A-Evolve-Training is the first publicly documented autonomous post-training run at frontier scale, filling the gap between GPT-2-class experiments and the 30B+ parameter range where compute economics resemble production infrastructure decisions rather than research prototypes.

Autoresearch and ml-intern established proof-of-concept at small scale. The 10-hour, 300-iteration budget is enough to produce measurable benchmark improvement on a 1.7B parameter target, as ml-intern’s Qwen3-1.7B results on GPQA demonstrate. A-Evolve-Training shows that the same architecture (agent workers, meta-level policy revision, external evaluation target) survives the move to 30B given the right structural constraints, placing 8th of roughly 4,000 entries on an external leaderboard with a score of 0.86 against a top human submission of 0.87.

The three design principles that let the loop survive four rounds are the most portable result here: fork from an immutable substrate, keep workers memory-free, bound the meta agent’s discretion by a frozen constitution. These apply to any autonomous training infrastructure where individual trials are expensive, and the paper’s explicit framing of why specialized agents handing off mid-states failed gives builders a concrete anti-pattern to avoid.

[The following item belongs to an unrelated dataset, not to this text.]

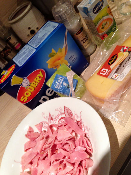 Recette on ne peut plus basique. Si le fait de gratiner les pâtes au jambon avec du fromage à raclette est une excellente idée, cela manque cruellement d'épices (poivre, piment d'Espelette, de Cayenne...) et d'herbes (ciboulette, persil, basilic...). Et puis pourquoi pas ajouter des champignons pour en faire un plat complet.
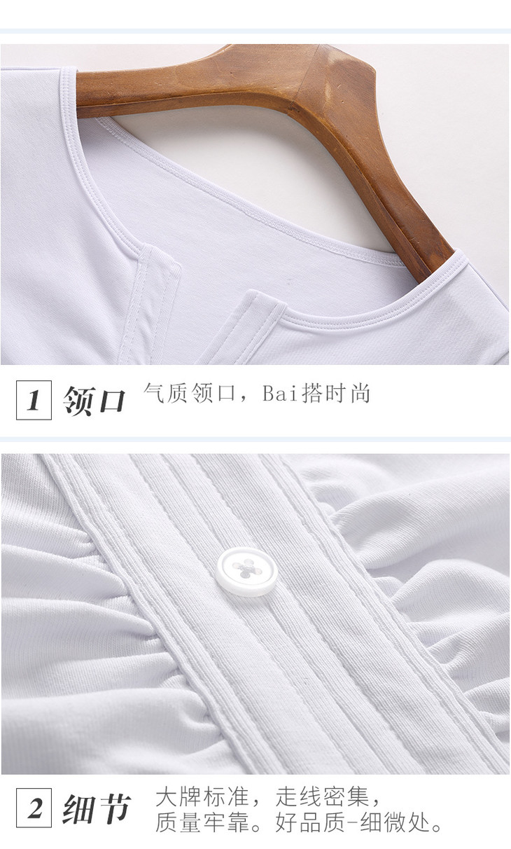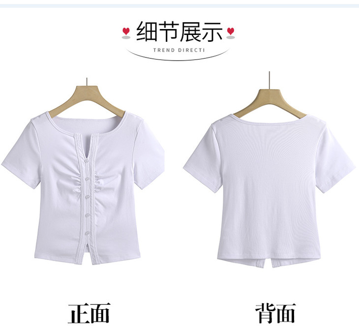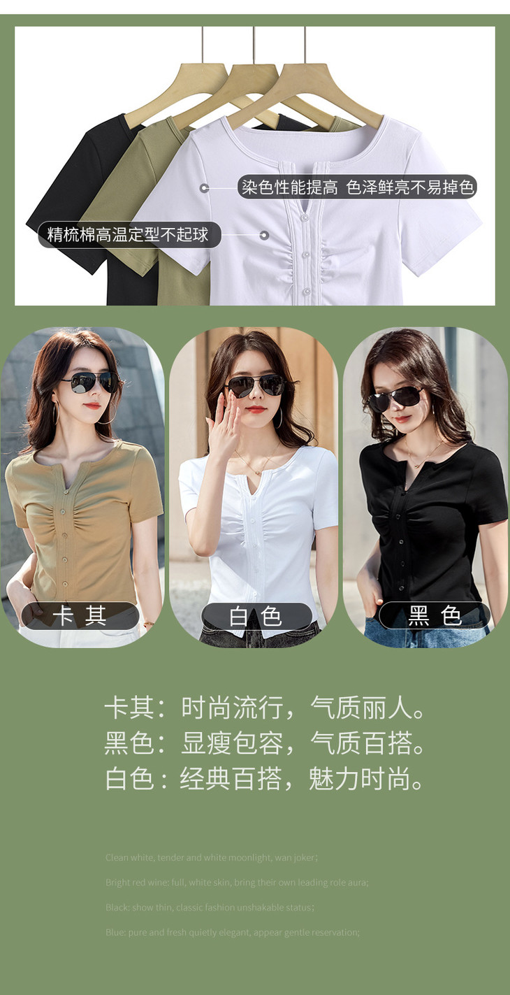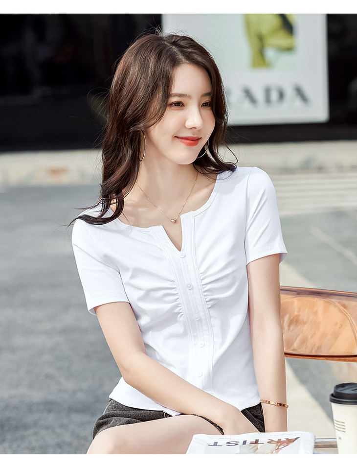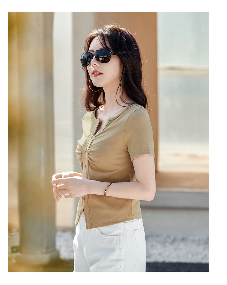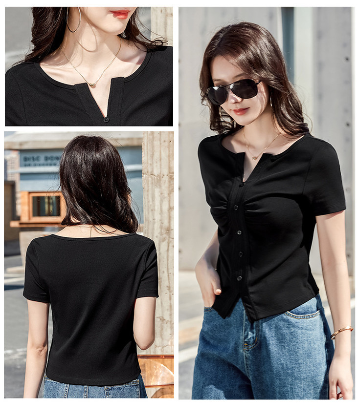 棉质纯欲风V领纽扣高级感褶皱高腰T恤ZS232

The proxy reversal detection is harder to generalize. It works in this setting because there is a clean external leaderboard to triangulate against when the internal dev metric starts drifting. In most real fine-tuning problems, that external signal either does not exist or arrives too slowly to serve as a live corrective. Detecting proxy decay without a reliable real-time external target is probably the more consequential open problem, and the 0.01 gap to first place on the leaderboard, while auditable, does not resolve it.

Frequently Asked Questions

How does A-Evolve’s four-round budget compare to ml-intern’s 300 iterations?

ml-intern completes roughly 300 iterations in under 10 hours because each step on a 1.7B model costs minutes; A-Evolve completes four rounds over multiple weeks because each 30B trial is a full training run. The roughly 75 to 1 iteration ratio is the direct compute-cost consequence of the parameter jump, not a difference in loop design.

What is the minimum compute footprint to run the N=8 worker design?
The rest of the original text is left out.